The 1980 English cricket season was the 81st in which the County Championship had been an official competition. West Indies defeated England in the summer's Test series 1–0, rain ensuring that the other four matches were all drawn. A single Test was played between England and Australia to commemorate the centenary of the first Test played in England in 1880. The match was drawn. The County Championship was won by Middlesex.

==Honours==
- County Championship – Middlesex
- Gillette Cup – Middlesex
- Sunday League – Warwickshire
- Benson & Hedges Cup – Northamptonshire
- Minor Counties Championship – Durham
- Second XI Championship – Glamorgan II
- Wisden – Kim Hughes, Robin Jackman, Allan Lamb, Clive Rice, Vintcent van der Bijl

==Test series==
===England vs West Indies===

England was outplayed by West Indies and the margin would have been greater than 1–0 but for the weather. West Indies excelled in batting and fast bowling with Viv Richards, Desmond Haynes, Joel Garner, Andy Roberts and Michael Holding their standout performers. England's best player was Peter Willey who scored a fine century at The Oval.

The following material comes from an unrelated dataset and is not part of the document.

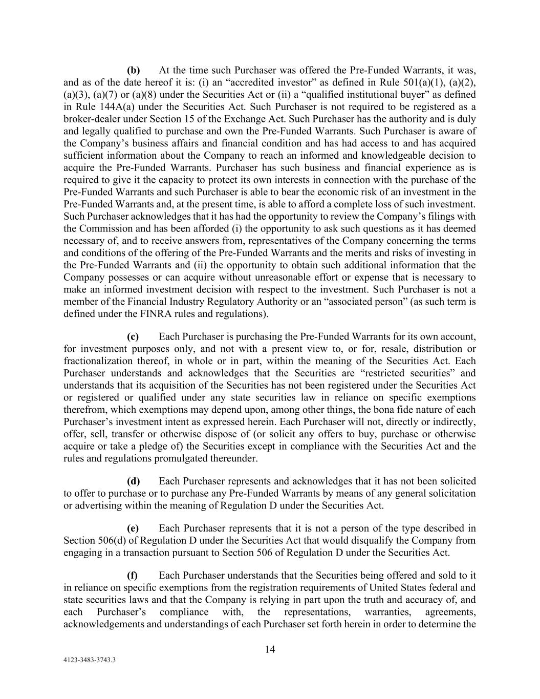 14 4123-3483-3743.3 (b) At the time such Purchaser was offered the Pre-Funded Warrants, it was, and as of the date hereof it is: (i) an “accredited investor” as defined in Rule 501(a)(1), (a)(2), (a)(3), (a)(7) or (a)(8) under the Securities Act or (ii) a “qualified institutional buyer” as defined in Rule 144A(a) under the Securities Act. Such Purchaser is not required to be registered as a broker-dealer under Section 15 of the Exchange Act. Such Purchaser has the authority and is duly and legally qualified to purchase and own the Pre-Funded Warrants. Such Purchaser is aware of the Company’s business affairs and financial condition and has had access to and has acquired sufficient information about the Company to reach an informed and knowledgeable decision to acquire the Pre-Funded Warrants. Purchaser has such business and financial experience as is required to give it the capacity to protect its own interests in connection with the purchase of the Pre-Funded Warrants and such Purchaser is able to bear the economic risk of an investment in the Pre-Funded Warrants and, at the present time, is able to afford a complete loss of such investment. Such Purchaser acknowledges that it has had the opportunity to review the Company’s filings with the Commission and has been afforded (i) the opportunity to ask such questions as it has deemed necessary of, and to receive answers from, representatives of the Company concerning the terms and conditions of the offering of the Pre-Funded Warrants and the merits and risks of investing in the Pre-Funded Warrants and (ii) the opportunity to obtain such additional information that the Company possesses or can acquire without unreasonable effort or expense that is necessary to make an informed investment decision with respect to the investment. Such Purchaser is not a member of the Financial Industry Regulatory Authority or an “associated person” (as such term is defined under the FINRA rules and regulations). (c) Each Purchaser is purchasing the Pre-Funded Warrants for its own account, for investment purposes only, and not with a present view to, or for, resale, distribution or fractionalization thereof, in whole or in part, within the meaning of the Securities Act. Each Purchaser understands and acknowledges that the Securities are “restricted securities” and understands that its acquisition of the Securities has not been registered under the Securities Act or registered or qualified under any state securities law in reliance on specific exemptions therefrom, which exemptions may depend upon, among other things, the bona fide nature of each Purchaser’s investment intent as expressed herein. Each Purchaser will not, directly or indirectly, offer, sell, transfer or otherwise dispose of (or solicit any offers to buy, purchase or otherwise acquire or take a pledge of) the Securities except in compliance with the Securities Act and the rules and regulations promulgated thereunder. (d) Each Purchaser represents and acknowledges that it has not been solicited to offer to purchase or to purchase any Pre-Funded Warrants by means of any general solicitation or advertising within the meaning of Regulation D under the Securities Act. (e) Each Purchaser represents that it is not a person of the type described in Section 506(d) of Regulation D under the Securities Act that would disqualify the Company from engaging in a transaction pursuant to Section 506 of Regulation D under the Securities Act. (f) Each Purchaser understands that the Securities being offered and sold to it in reliance on specific exemptions from the registration requirements of United States federal and state securities laws and that the Company is relying in part upon the truth and accuracy of, and each Purchaser’s compliance with, the representations, warranties, agreements, acknowledgements and understandings of each Purchaser set forth herein in order to determine the
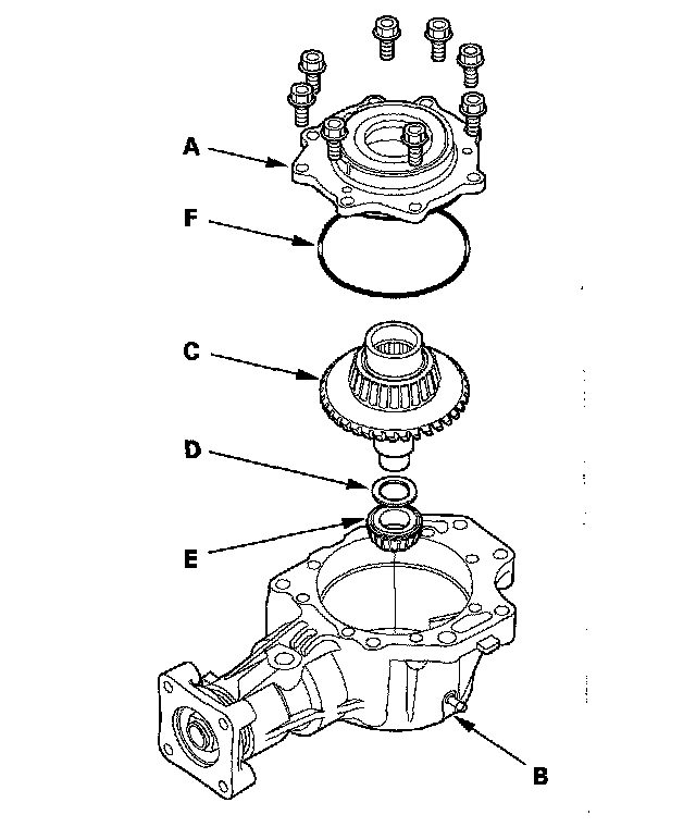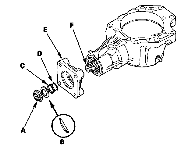 9. Remove the locknut (A), conical spring washer (B), back-up ring (C), O-ring (D), and companion flange (E) from the transfer output shaft (hypoid gear) (F).

===England vs Australia===

| Cumulative record – Test wins | 1876–1980 |
|---|---|
| England | 79 |
| Australia | 92 |
| Drawn | 69 |

==Leading batsmen==
Allan Lamb of Northamptonshire CCC topped the averages with 1797 runs @ 66.55.

Other leading batsmen were Kepler Wessels and Peter Kirsten who both averaged over 60.

==Leading bowlers==
Joel Garner of West Indies led the averages 13.93 and 49 wickets but the outstanding bowler of the season was Robin Jackman who took 121 wickets @ 15.40.